Гротескная, абсурдная картина. Вечер. Холод. Метель. Идти трудно, Красная площадь покрыта, как Антарктида, ледовым панцирем. Никого вокруг нет. Никого. Впереди круглое лобное место, за ним смутно сквозь метель видны как бы из цветной резины отлитые купола собора Василия Блаженного. Справа — кремлевская стена-кладбище, мавзолей Ленина. Сталинский бюст-истукан торчит непонятым предупреждением богов. Слева — длинное здание ГУМа и заново выстроенный в старорусском стиле собор. В соборе идет служба. Ее транслируют на безлюдную площадь. И только снег, усатый мраморный покойник у стены и Ленин в мавзолее слышат рычащий из громкоговорителей бас молящегося дьякона.
Я родился в послесталинской Москве. Архитектурная среда, окружающая мое раннее детство — это сталинский ампир здания московского Университета, «Дома преподавателей» и «Красных домов». Городская среда моего отрочества — это хрущобы, пятиэтажные здания-прямоугольники, лишенные признаков архитектуры. Со времени студенчества и до отъезда из страны я жил в новом районе, в улучшенной девятиэтажной хрущобе. Прямоугольники выросли, увеличились коридоры и кухни, улучшилась отсутствующая в пятиэтажках звукоизоляция.
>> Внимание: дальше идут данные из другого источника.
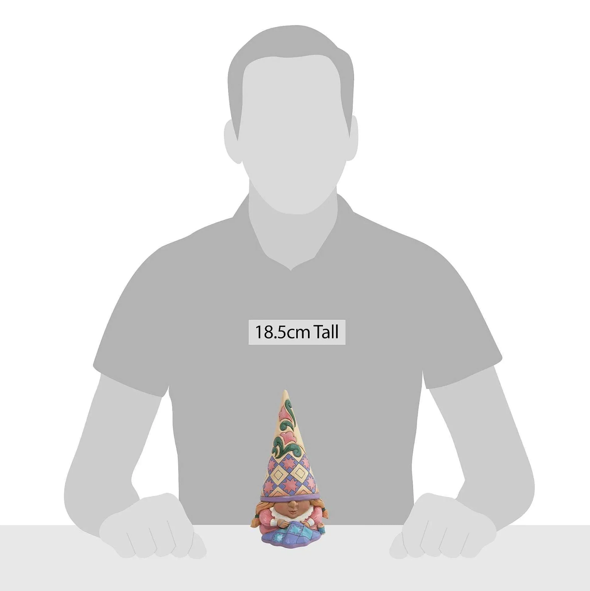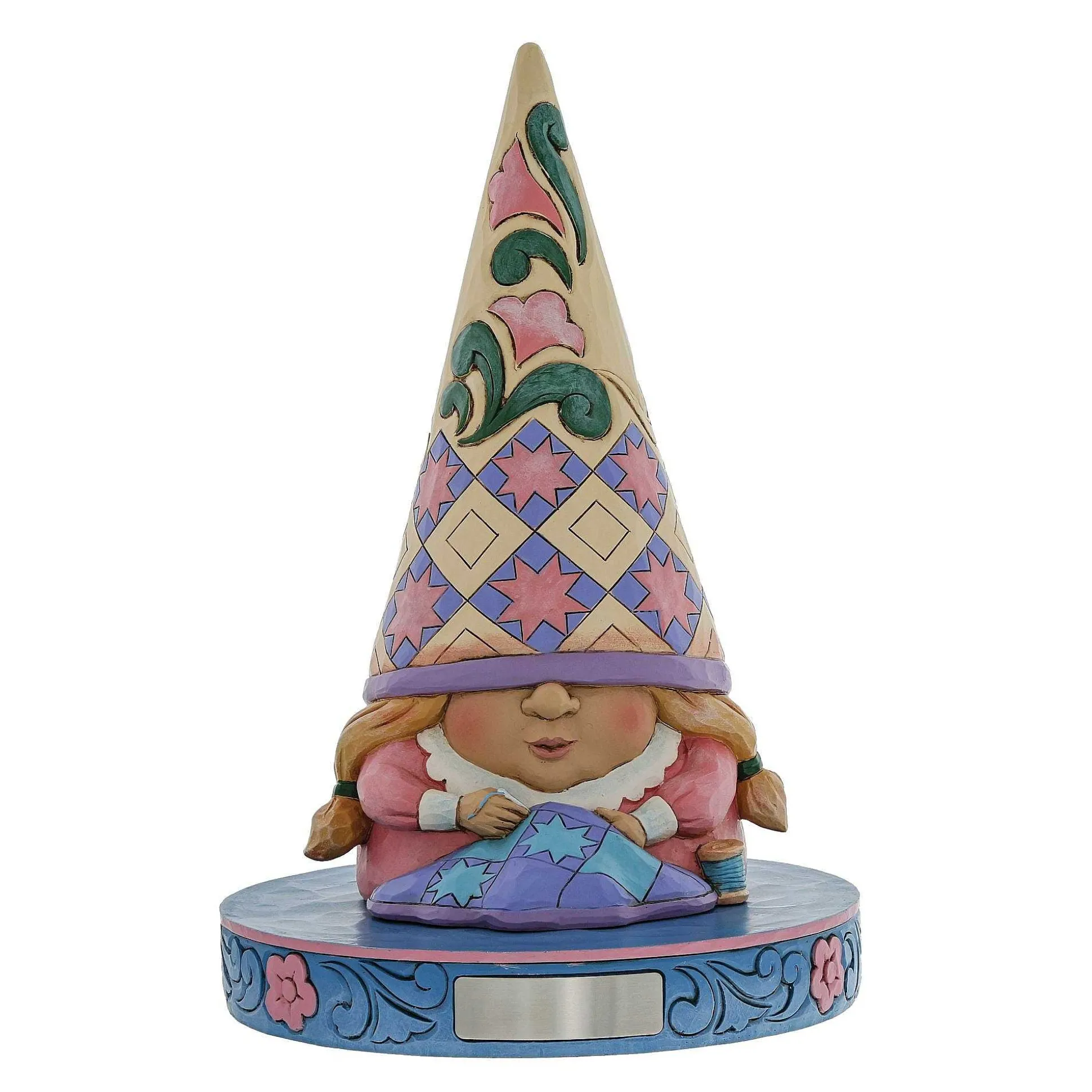 No One Knows Gnomes Quite Like Jim Shore! This Colorful Gnome Celebrates The Love Of Sewing One Stitch At A Time. Working Away At A Patchwork Blanket That Matches Her Hat, This Gnome Enjoys Her Peaceful Pastime. Wearing Pigtails, She Sews With Love.
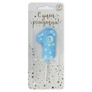 5781 Свеча тортовая цифра «1» голубая с пуговкой
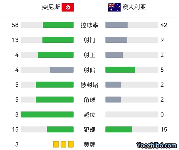 全场比赛结束,最终澳大利亚1-0击败突尼斯。
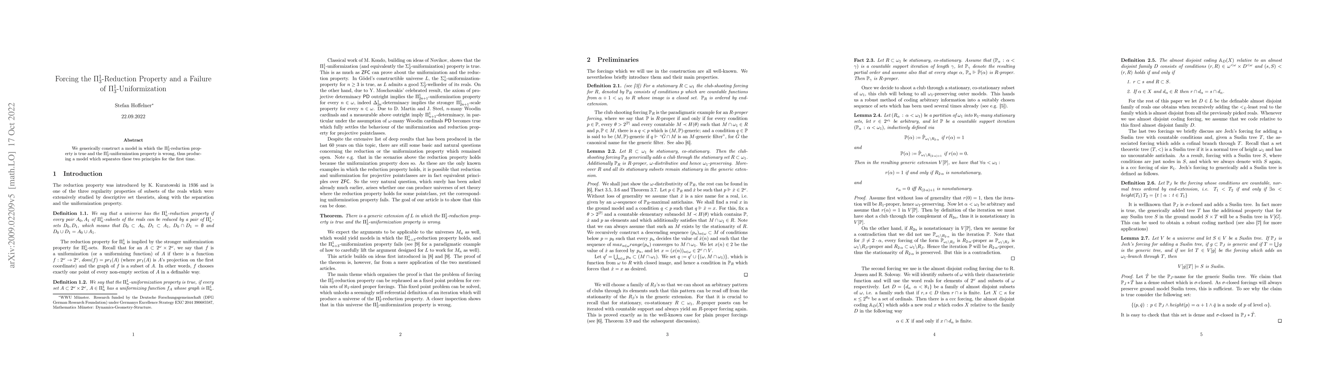 This paper demonstrates a forcing method over the constructible universe to achieve a model with the $\Pi^1_3$-reduction property, reducing the required large cardinal strength to ZFC. It also shows the failure of $\Pi^1_3$-uniformization in this model, distinguishing these two principles for the first time.

Суть однако осталась прежней — голый функционализм, геометрическое и цветовое однообразие, бесконечное упрямое клонирование. Дома говорили языком советчины, твердившей — так, так, только так. И никак иначе.
Советчина клонировала не только дома и людей — но и ложки, кастрюли, сковородки, столы, стулья, уличные фонари, ручки, тетради, батареи парового отопления, женские прически, очки, штаны, платья.
Все, что окружало человека, все что производилось, внушалось и вкушалось, весь убогий советский жизненный инвентарь порождал одно желание — дематериализоваться и смыться, укрыться в недоступную для них реальность, «воспарить».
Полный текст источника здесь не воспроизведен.